For the opening concert of this year’s Vancouver Early Music Festival, Hargis delineated six stages for the titular malady—heartache, jealousy, madness, insomnia, death, and cure. Death was, of course, figurative, and Hargis played with the hyperbolic language of the songs, from the first attacking “Ohimè” (“Alas”) of Claudio Monteverdi’s “Ohimè, ch’io cado” to Nelson’s bout of more recent self-flagellation.
Hargis found a fine equilibrium between drawing out the exaggeration of the words for their humour and treating them with the same seriousness as the sublime music by Monteverdi and his contemporaries. She used operatic gesture with the many hues of her voice to express the mannered torments of the lovers, especially in her delivery of the anonymous composition “S’io son pazzo”, with the feistily defiant opening verse and chorus, “If I am mad what is it to you?”.
To let some air into the emotional hothouse of the songs, Bagan performed a series of toccatas and other instrumental pieces on harpsichord and a beautifully toned chamber organ. Alas, the harpsichord, too, seemed to succumb to the prevailing ailment and needed retuning during the intermission.
Not all the lovers were pining males. Venetian composer Barbara Strozzi contributed the superb “Tradimento” (“Betrayal”), in which the smitten one is betrayed by love and hope.
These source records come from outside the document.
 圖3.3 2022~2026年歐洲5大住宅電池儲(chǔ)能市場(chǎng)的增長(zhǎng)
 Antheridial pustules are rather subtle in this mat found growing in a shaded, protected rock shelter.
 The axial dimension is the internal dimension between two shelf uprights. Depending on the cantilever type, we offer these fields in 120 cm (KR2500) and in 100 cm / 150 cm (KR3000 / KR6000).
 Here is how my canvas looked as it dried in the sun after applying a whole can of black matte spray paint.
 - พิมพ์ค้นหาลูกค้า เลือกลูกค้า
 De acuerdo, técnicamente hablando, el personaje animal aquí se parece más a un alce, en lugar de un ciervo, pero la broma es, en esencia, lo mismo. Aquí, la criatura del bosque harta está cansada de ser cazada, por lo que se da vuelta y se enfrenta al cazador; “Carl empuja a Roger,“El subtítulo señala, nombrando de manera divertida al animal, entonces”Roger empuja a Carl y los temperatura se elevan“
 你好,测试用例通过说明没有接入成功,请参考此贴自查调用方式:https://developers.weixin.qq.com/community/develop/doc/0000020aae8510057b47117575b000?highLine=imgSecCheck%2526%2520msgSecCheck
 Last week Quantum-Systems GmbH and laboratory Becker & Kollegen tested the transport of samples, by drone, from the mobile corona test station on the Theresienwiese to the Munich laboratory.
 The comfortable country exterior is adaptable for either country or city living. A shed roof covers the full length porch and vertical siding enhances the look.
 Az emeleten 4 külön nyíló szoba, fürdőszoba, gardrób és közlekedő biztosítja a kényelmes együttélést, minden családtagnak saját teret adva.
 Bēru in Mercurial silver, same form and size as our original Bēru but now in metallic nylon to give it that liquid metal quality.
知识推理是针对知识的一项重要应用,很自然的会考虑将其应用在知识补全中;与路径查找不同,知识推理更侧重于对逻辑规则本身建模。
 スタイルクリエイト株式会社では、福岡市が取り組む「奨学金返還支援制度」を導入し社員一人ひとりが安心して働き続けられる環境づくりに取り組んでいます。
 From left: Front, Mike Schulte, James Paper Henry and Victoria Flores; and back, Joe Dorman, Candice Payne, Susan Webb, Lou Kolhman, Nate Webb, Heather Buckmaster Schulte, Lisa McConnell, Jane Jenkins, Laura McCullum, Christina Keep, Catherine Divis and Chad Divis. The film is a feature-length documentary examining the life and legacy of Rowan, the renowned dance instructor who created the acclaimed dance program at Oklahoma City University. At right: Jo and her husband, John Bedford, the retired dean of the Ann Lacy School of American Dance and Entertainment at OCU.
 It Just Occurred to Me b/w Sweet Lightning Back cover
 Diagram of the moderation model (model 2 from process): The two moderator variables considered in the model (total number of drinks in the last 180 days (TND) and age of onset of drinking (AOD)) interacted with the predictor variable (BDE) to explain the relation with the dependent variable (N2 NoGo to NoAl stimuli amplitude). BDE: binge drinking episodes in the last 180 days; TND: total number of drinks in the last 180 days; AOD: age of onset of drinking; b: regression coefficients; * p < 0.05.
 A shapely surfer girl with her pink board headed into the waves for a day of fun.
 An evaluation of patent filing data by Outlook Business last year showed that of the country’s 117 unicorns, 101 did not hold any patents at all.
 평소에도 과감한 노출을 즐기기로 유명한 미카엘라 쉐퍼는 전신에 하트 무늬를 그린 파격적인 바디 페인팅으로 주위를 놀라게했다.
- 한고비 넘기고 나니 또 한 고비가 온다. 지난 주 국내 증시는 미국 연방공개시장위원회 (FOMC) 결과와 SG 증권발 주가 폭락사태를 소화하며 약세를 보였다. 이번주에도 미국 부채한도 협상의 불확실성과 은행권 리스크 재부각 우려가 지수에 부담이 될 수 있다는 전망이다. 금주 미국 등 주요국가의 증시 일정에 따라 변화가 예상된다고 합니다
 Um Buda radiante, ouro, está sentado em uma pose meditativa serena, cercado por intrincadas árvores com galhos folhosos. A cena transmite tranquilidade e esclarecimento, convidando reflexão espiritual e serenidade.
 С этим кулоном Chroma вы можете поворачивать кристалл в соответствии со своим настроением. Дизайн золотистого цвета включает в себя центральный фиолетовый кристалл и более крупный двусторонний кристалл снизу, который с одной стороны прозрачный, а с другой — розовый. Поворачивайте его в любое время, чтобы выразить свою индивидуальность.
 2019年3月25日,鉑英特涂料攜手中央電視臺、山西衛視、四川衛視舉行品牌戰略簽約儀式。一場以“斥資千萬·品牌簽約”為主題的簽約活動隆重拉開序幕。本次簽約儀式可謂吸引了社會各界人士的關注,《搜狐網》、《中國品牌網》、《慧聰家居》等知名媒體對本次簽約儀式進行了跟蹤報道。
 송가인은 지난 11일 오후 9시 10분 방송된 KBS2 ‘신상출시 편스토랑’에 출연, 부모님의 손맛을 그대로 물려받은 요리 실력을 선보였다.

Strozzi herself sends up the melodrama: “The evil plan has reached the point/That I’ve discovered/I rather like the idea”.
After the florid death wish of Monteverdi’s “Voglio di vita uscir” (“I want to leave life”), the roller coaster of lovesickness came rattling to an end with a cure—well, supposedly so. Hargis was again at her expressive best with “Così me disprezzate?” by Girolamo Frescobaldi, who contributed five compositions to the evening. The wounded lover breaks off the relationship, vowing his perfidious mistress will suffer the same fate, feel terrible regret for “killing” him, and soon see her beauty wither, leaving the last laugh to him. But on Sunday evening, it was Hargis and Bagan who got it, with their torchy baroque rendition of a country classic from the early ’60s.